Just like Rachel from Friends I, too, had trouble differentiating a fetus (or two) from negative space on the ultrasound screen. Wait, that's my badder? Oh, a kidney? So where, exactly, is the actual mini-human I'm growing? Oh, that little dot. Got it.
"...Oh Wait, There's The Bean. I'll Just Keep Staring At The Speck."
I stared at those two little specks on that tiny screen forever. Really, it was out of complete disbelief. I thought that maybe, if I kept staring at the two little dots my brain would catch up to my current reality. Eventually. However, it was also my shameless attempt to keep my eye on the fetus' and, you know, not "lose them" again.
"Don't Cry. Don't Cry. Keep It Together. Don't Cry."
This is an exercise in futility, my friends. However, it's a valiant one and one that I have definitely tried a time or two (or seven).
"Do You Think They'll Let Me Take An Extra 20 Or 30 Pictures Home?'
While I didn't say this thought out loud, I did, eventually, make this request. I have no shame, what can I say. I wanted all the pictures. I wanted to laminate them and pass them out as business cards. "Look guys, I'm in the business of baby-making, now. My body is literally working as we speak." I was so excited (and scared and overwhelmed and did I mention scared?) that the more pictures I had, the more real my pregnancy felt.

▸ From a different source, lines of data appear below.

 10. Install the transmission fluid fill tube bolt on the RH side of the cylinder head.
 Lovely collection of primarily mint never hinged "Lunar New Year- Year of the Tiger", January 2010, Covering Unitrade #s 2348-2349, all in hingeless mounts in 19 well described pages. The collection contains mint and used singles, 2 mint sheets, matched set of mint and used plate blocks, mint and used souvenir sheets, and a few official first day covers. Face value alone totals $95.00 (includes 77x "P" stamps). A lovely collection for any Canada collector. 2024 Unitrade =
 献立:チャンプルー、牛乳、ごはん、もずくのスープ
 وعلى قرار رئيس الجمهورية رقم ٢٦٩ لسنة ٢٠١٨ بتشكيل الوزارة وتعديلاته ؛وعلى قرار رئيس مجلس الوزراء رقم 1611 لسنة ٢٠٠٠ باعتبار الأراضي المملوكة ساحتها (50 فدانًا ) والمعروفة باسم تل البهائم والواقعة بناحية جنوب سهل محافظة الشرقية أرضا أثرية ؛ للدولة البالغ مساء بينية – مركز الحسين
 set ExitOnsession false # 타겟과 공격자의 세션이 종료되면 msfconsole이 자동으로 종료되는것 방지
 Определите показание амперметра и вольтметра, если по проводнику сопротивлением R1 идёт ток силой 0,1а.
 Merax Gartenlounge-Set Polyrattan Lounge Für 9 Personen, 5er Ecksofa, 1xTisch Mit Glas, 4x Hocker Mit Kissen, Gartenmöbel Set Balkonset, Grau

"I Already Owe My Mom So Many Apologies..."
The list just kept growing throughout my pregnancy (sorry for the constant morning sickness and fatigue, mom) and labor and delivery (so sorry for the pain) and now that I'm a mom (sorry for everything). However, it didn't take very long for me to realize that I would be apologizing to my mother for a very, very long time.
"Wow, This Is Really Happening"
Even if your pregnancy was part of your plan and something you've been working hard at experiencing, it can be a surreal moment. My pregnancy was a complete surprise and not at all planned, so my brain needed a while to catch up with the situation at hand. It was just, well, unbelievable.

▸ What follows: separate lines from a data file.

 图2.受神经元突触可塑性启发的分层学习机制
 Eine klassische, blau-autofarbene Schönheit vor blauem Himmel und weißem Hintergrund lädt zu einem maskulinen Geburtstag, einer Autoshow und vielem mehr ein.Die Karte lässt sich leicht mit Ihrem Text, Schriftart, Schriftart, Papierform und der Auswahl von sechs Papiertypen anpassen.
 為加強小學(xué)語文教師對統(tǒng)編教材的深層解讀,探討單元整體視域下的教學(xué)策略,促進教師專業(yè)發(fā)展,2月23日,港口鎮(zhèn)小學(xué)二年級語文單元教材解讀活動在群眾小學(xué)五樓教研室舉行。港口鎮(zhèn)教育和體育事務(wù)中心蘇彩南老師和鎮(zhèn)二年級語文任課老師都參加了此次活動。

"Please Don't Let Anything Bad Happen"
If you're one of the 1 in 4 women who will experience a pregnancy loss or miscarriage in her lifetime, that first ultrasound can be just as anxiety-inducing as it is exciting. You want to feel nothing but absolute joy and bask in that moment, but the fear that something will go "wrong" creeps it's way into the corner of your brain and threatens to ruin your day. It's normal. It's natural. Hell, you're human; there's no way you can help it.

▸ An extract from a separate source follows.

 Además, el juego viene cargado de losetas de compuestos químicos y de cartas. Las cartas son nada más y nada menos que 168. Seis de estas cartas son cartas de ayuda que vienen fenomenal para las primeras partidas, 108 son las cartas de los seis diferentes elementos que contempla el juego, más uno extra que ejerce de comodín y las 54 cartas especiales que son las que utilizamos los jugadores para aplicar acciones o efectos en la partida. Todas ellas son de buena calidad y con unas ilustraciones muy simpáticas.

"Oh No, We're Going To Listen To The Heartbeat Now..."
While I was exciting to listen to the heartbeats, I also just knew I was going to lose my sh*t and cry like I've never cried before. Crying in front of total strangers isn't necessarily my "thing," so I wasn't too thrilled for the emotional rollercoaster I was getting strapped in for.
"...Don't Cry. Don't Cry. Keep It Together. Don't Cry."
Seriously. All. Freakin'. Appointment. Long.
"That Is The Best Sound I've Ever Heard"
The sound of those heartbeats. I mean, wow. It was incredible. It was unbelievable, yet there they were; beating in rapid succession and creating a sound I didn't know I needed to hear. It's magic, you guys. Just magic.
"Ultrasound Techs Are Emotional Terrorists"
I love you, ultrasound technicians, but you guys are emotional terrorists. I mean, dear baby Jesus, you should come with a warning. Something like, "Will use gross gel to make you cry a bucket of happy/nervous/scared/excited tears. Proceed with caution."